BACK
Check
Embedded Payroll for Platforms
Product Design, Design System
Overview
Check is a payroll-as-a-service platform that helps businesses automate payroll, taxes, and compliance in the U.S.
I joined as the second designer on the team to bring structure and clarity to a rapidly scaling product that was mostly designed by engineers before.
My main goal was to improve usability, unify the design language, and create solid UX foundations for both internal operations tools and customer-facing experiences.
The challenge
Check is a huge product — with internal tools, external dashboards, and dozens of interconnected systems.
Because it grew so fast, many parts were built before designers joined the team, which led to outdated patterns, visual inconsistencies, and occasional usability gaps.
The challenge wasn’t to “fix a broken product,” but to bring design maturity into a constantly evolving environment — while still keeping up with the pace of weekly releases.
On top of that, working from outside the U.S. added an extra layer of complexity. Payroll and tax systems are deeply domain-specific, and understanding the business logic was often as demanding as designing the interfaces themselves.
My focus areas
Admin — Internal setup platform
Admin is the tool Check’s internal teams use to onboard and configure new client companies. It’s a technical, high-stakes environment with lots of steps and dependencies.
I focused on improving clarity and navigation within multi-stage setup flows — such as company configuration, worker data import, tax setup, and audit.
We introduced a more modular, guided structure that helped ops teams complete setups faster and make fewer errors.

Form Foundry (part of Admin)
One of the most complex sub-projects was Form Foundry — a new tool for creating and maintaining U.S. tax forms (PDF and fixed-width).
Before, this process was handled entirely by developers familiar with strict tax form formatting rules.
I helped design a visual no-code editor that made it possible for internal teams to build, preview, and validate tax forms directly — combining precise data mapping with intuitive UX.
The result: the tool drastically reduced dependency on engineers and allowed operations to manage tax forms independently.

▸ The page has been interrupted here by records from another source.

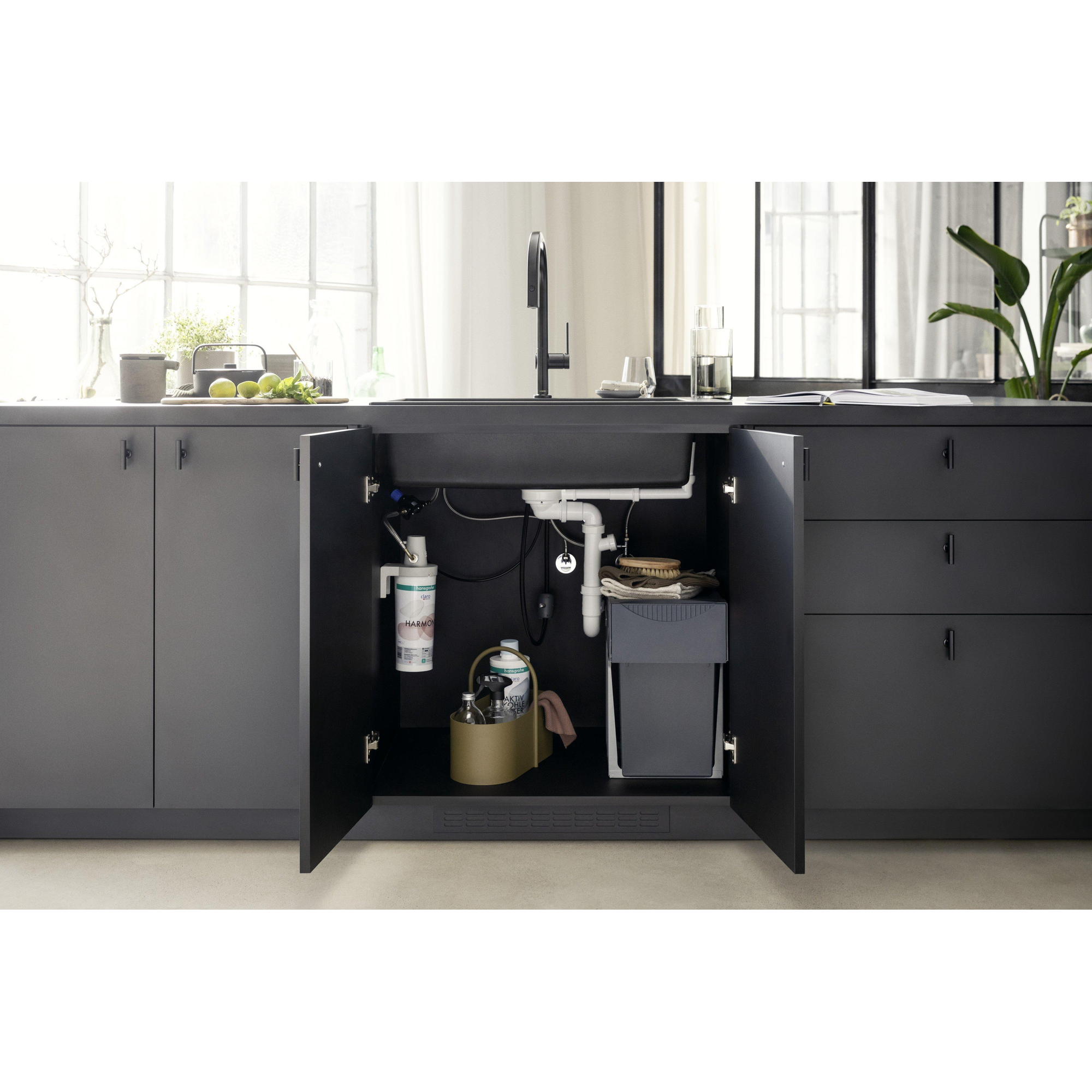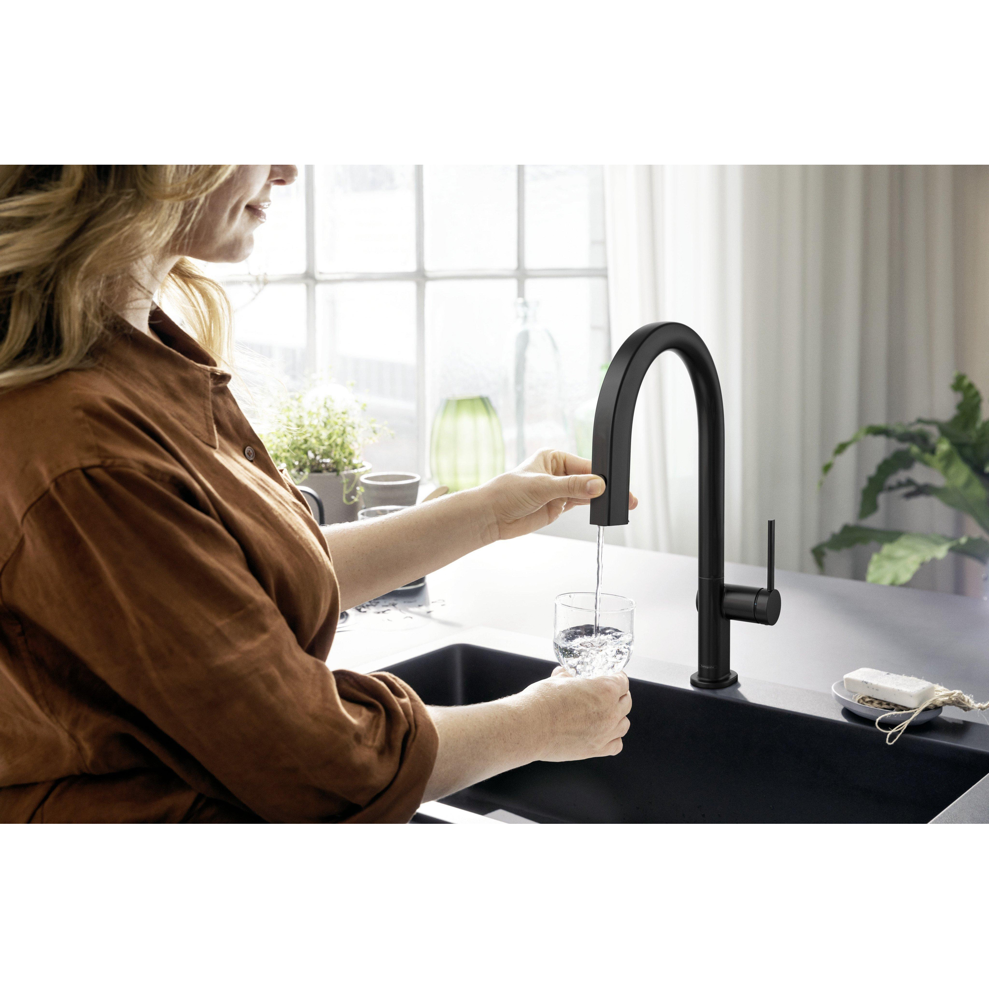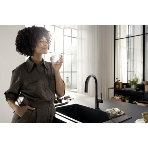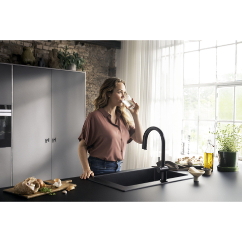 La surface noire mate de ce robinet assure une apparence intemporelle et élégante qui s'adapte sans effort aux cuisines modernes comme classiques. Le design épuré est non seulement un plaisir pour les yeux, mais aussi facile à combiner avec d'autres accessoires de cuisine. Grâce à la finition subtile, votre cuisine obtient un aspect luxueux sans être trop voyant. De plus, la surface reste belle plus longtemps car les empreintes digitales et les gouttes d'eau sont moins visibles, ce qui augmente la facilité d'entretien.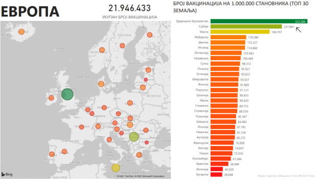 Prema broju vakcinacija na milion stanovnika, Srbija je druga u Evropi, posle Velike Britanije, a prema broju građana koji su primili obe doze vakcine na milion stanovnika prva je u Evropi. Posle Srbije su Malta i Island.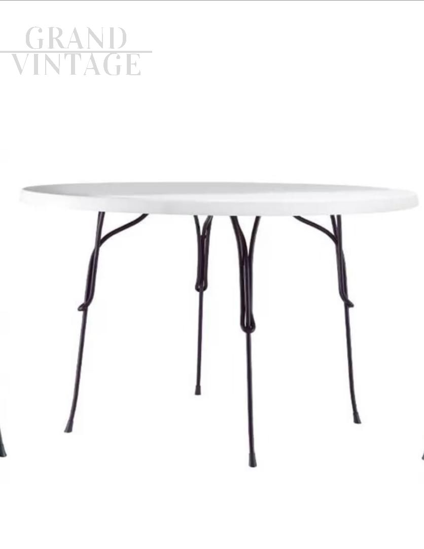 Vigna table designed by Martino Gamper for Magis, has a very simple appearance, reminiscent of the classic tables found in the countryside, in the vineyards, but at the same time it clearly stands out from this classicism thanks to the particular colors in which it is available. Furthermore, the weave in the steel of the structure refers to the knots of the vines, and this is where the name of the model comes from.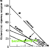 Распечатка начинается исходной задачей и оптимальными значениями переменных. Оптимальные значения переменных даны сначала, под заголовком VARIABLE (ПЕРЕМЕННЫЕ), за ними следуют оптимальные значения переменных резерва, которые перечислены под заголовком ROW (СТРОКА). Справа от оптимальных значений переменных расположена колонка REDUCED COSTS (РЕДУЦИРОВАННАЯ СТОИМОСТЬ), а справа от оптимальных значений резерва - колонка DUAL PRICES (ДВОЙНЫЕ ЦЕНЫ). Здесь строка 2 относится к S], строка 3 относится к S2, и строка 4 относится к S3. Двойные цены равны значениям в строке C-Z конечной таб- ЛЯДЫ (см.таблицу 5п-11). Не забудьте, что для переменных в решении, значения C-Z буду! Рви нулю. Отличная от нуля редуцированная стоимость затем появится, если переменная не присутствовала в решении. Ненулевая редуцированная стоимость указывает значение, на которое коэффициент при переменной целевой функции может увеличиваться, не входя в решение. Так, если редуцированная стоимость 2,00, то переменная этой целевой функции увеличится на более чем на 2,00, чтобы быть в решении, - если задача содержит одно изменение. Двойные цены - это теневые показатели для переменных избытка или резерва (в данном случае, резервные переменные). В оставшейся части распечатки содержатся результаты анализа чувствительности: сначала диапазоны целевого коэффициента (диапазоны оптимальности), затем диапазон правой части ограничений (диапазон выполнимости). Для каждой переменной, CURRENT VALUE (ТЕКУЩЕЕ ЗНАЧЕНИЕ) относится к коэффициенту целевой функции; следующий столбец указывает количество возможного увеличения, а далее следующий столбец-количество возможного уменьшения, которые не изменят оптимального значения переменных, находящихся в решении. Для правосторонних диапазонов приведены переменные резерва (фактически, строка 2 относится здесь к Sj, строка 3 к S2, и строка 4 к S3). ТЕКУЩЕЕ ЗНАЧЕНИЕ относится к начальным правосторонним значениям ограничений. Следующие два столбца показывают значения, на которые можно изменить правую часть ограничений, чтобы она оставалась в пределах диапазона выполнимости. Ключевые термины Графическое линейное программирование Диапазон выполнимости Диапазон оптимальности Значения опорной строки Избыток Искусственная переменная Новая опорная строка Область возможных решений Ограничения Параметр Переменные решения Резерв Связывающее ограничение Симплекс Таблица Теневые цены Целевая функция Цель graphical linear programming range of feasibility range of optimality row pivot values surplus artificial variable new pivot row feasible solution space constraints parameter decision variables slack binding constraint simplex tableau shadow prices objective function objective Решение задач ЗАДАЧА 1 Небольшая строительная компания специализируется на строительстве и продаже домов на одну семью. Компания предлагает два основных типа домов, модель А и модель В. Дома модели А требуют 4000 часов рабочего времени, 2 тонны камня и 2000 кв.футов пиломатериалов. Дома модели В требует 10.000 часов рабочего времени, 3 тонны камня и 2000 кв.футов пиломатериалов. Из-за больших сроков по- ставки материалов и дефицита квалифицированной и полу-квалифицированной рабочей силы в данной местности, компании придется ограничиться уже имеющимися ресурсами в течение наступающего строительного сезона. Это порядка 400.000 часов рабочего времени, 150 тонн камня и 200000 кв.футов пиломатериалов. Сколько моделей А и В (в соотношении) должна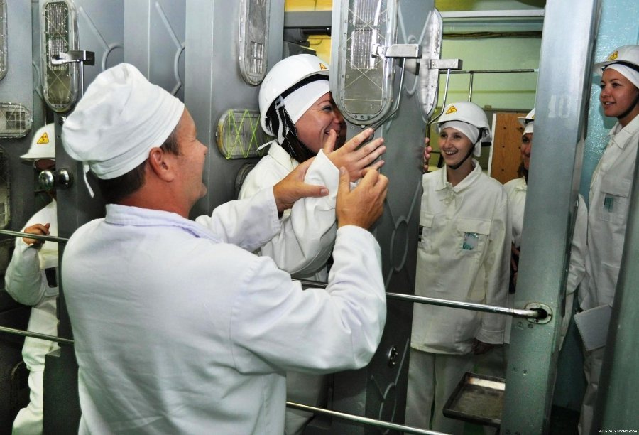 Останній інструктаж щодо заходів безпеки здійснює провідний інженер з експлуатації обладнання РАЕС Олександр Валигін. Він пояснює, що обладнання перебуває під дією радіації, кислот, лугів, тому руками нічого чіпати не можна. Предмети, які впали на підлогу, потрібно під час виходу перевірити за допомогою пристрою дозиметричного контролю. Приміщення енергоблоку – це, здебільшого, система коридорів, трубопровідних коридорів, технічних приміщень та обладнання, яке забезпечує роботу енергоблоку. Металеві двері у цих приміщеннях схожі на двері велетенських сейфів.

Console — Client-facing payroll dashboard
Console is what businesses use to run payrolls, manage employees, and track taxes.
It’s data-heavy but needs to feel clean and fast for users who spend hours inside it.
My work included optimising everyday interactions - improving filters, tables, and data-viewing patterns, while keeping everything aligned with the evolving design system.
I also contributed to new features, collaborating closely with developers to ensure consistent logic and behaviour across modules.

Design System
The design system existed, but it wasn’t ideal.
I spent time refining the foundations: fixing spacing, colors, and components, unifying how patterns behaved across Admin and Console.
This helped establish better communication between design and development, allowing both sides to move faster and reduce inconsistencies in production.

Collaboration & Process
Most of our direct feedback came from internal users — the ops and support teams working inside the Admin tool daily. Their input helped us catch friction points fast and iterate continuously.
For the client-facing Console, product managers and analysts gathered data and feedback from companies using the payroll platform. As designers, we stayed close to those insights — reviewing findings, discussing usability issues, and adjusting designs accordingly.
This setup let us balance quick iteration on internal tools with more data-driven improvements on the customer side.
Impact
Improved clarity in internal setup workflows — redesigned key admin flows to make company setup faster and more intuitive for internal teams.
Introduced Form Foundry, lowering the entry barrier for tax-form creation — enabled non-developers to build and edit forms visually, reducing reliance on engineers.
Redefined visual and UX patterns across Admin and Console, aligning legacy screens with new components and adding functionality to embedded modules used by partner businesses.
Enhanced collaboration between design and engineering through consistent UI foundations and clearer component logic, speeding up development cycles.
Reflection
Working on Check taught me how to design inside complex systems — where every decision touches data, regulations, and real people’s work. I learned to move fast without losing structure, to find clarity in constraints, and to translate highly technical problems into interfaces that just make sense.